Let's try out `create_item_dict` with a couple of examples.

In [40]:
file3_lines[1]

'45230,48,0.07,4300\n'

In [41]:
values1 = parse_values(file3_lines[1])
create_item_dict(values1, headers)

{'amount': 45230.0, 'duration': 48.0, 'rate': 0.07, 'down_payment': 4300.0}

In [42]:
file3_lines[2]

'883000,16,0.14,\n'

In [43]:
values2 = parse_values(file3_lines[2])
create_item_dict(values2, headers)

{'amount': 883000.0, 'duration': 16.0, 'rate': 0.14, 'down_payment': 0.0}

As expected, the values & header are combined to create a dictionary with the appropriate key-value pairs.

We are now ready to put it all together and define the `read_csv` function.

In [44]:
def read_csv(path):
    result = []
    # Open the file in read mode
    with open(path, 'r') as f:
        # Get a list of lines
        lines = f.readlines()
        # Parse the header
        headers = parse_headers(lines[0])
        # Loop over the remaining lines
        for data_line in lines[1:]:
            # Parse the values
            values = parse_values(data_line)
            # Create a dictionary using values & headers
            item_dict = create_item_dict(values, headers)
            # Add the dictionary to the result
            result.append(item_dict)
    return result

Let's try it out!

In [45]:
with open('./data/loans2.txt') as file2:
    print(file2.read())

amount,duration,rate,down_payment
828400,120,0.11,100000
4633400,240,0.06,
42900,90,0.08,8900
983000,16,0.14,
15230,48,0.07,4300


In [46]:
read_csv('./data/loans2.txt')

[{'amount': 828400.0,
  'duration': 120.0,
  'rate': 0.11,
  'down_payment': 100000.0},
 {'amount': 4633400.0, 'duration': 240.0, 'rate': 0.06, 'down_payment': 0.0},
 {'amount': 42900.0, 'duration': 90.0, 'rate': 0.08, 'down_payment': 8900.0},
 {'amount': 983000.0, 'duration': 16.0, 'rate': 0.14, 'down_payment': 0.0},
 {'amount': 15230.0, 'duration': 48.0, 'rate': 0.07, 'down_payment': 4300.0}]

The file is read and converted to a list of dictionaries, as expected.
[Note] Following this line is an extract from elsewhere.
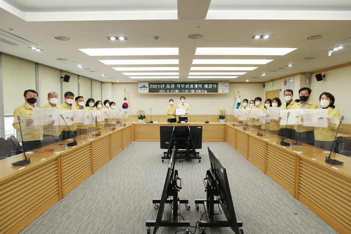 [로컬세계 맹화찬 기자]부산 남구는 지난 27일 남구청 5층 대회의실에서 남구 관내 동장 17명이 참석한 가운데, 2021년도 동장 직무성과계약을 체결했다고 28일 밝혔다.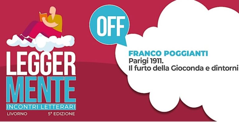 Domenica 23 luglio, sempre alle ore 19, si chiude la rassegna letteraria LeggerMente con Franco Poggianti che presenta Parigi 1911. Il furto della Gioconda e dintorni (Mauro Pagliai Editore, 2023). Introducono Enrico Mannari, giornalista e docente per l’Università LUISS; Simonetta Del Cittadino, attrice, autrice, docente e regista e Marie Odile Volpoet, traduttrice e docente.

The `read_csv` file is generic enough that it can parse any file in the CSV format, with any number of rows or columns. Here's the full code for `read_csv` along with the helper functions:

In [47]:
def parse_headers(header_line):
    return header_line.strip().split(',')

def parse_values(data_line):
    values = []
    for item in data_line.strip().split(','):
        if item == '':
            values.append(0.0)
        else:
            try:
                values.append(float(item))
            except ValueError:
                values.append(item)
    return values

def create_item_dict(values, headers):
    result = {}
    for value, header in zip(values, headers):
        result[header] = value
    return result

def read_csv(path):
    result = []
    # Open the file in read mode
    with open(path, 'r') as f:
        # Get a list of lines
        lines = f.readlines()
        # Parse the header
        headers = parse_headers(lines[0])
        # Loop over the remaining lines
        for data_line in lines[1:]:
            # Parse the values
            values = parse_values(data_line)
            # Create a dictionary using values & headers
            item_dict = create_item_dict(values, headers)
            # Add the dictionary to the result
            result.append(item_dict)
    return result

Try to create small, generic, and reusable functions whenever possible. They will likely be useful beyond just the problem at hand and save you significant effort in the future.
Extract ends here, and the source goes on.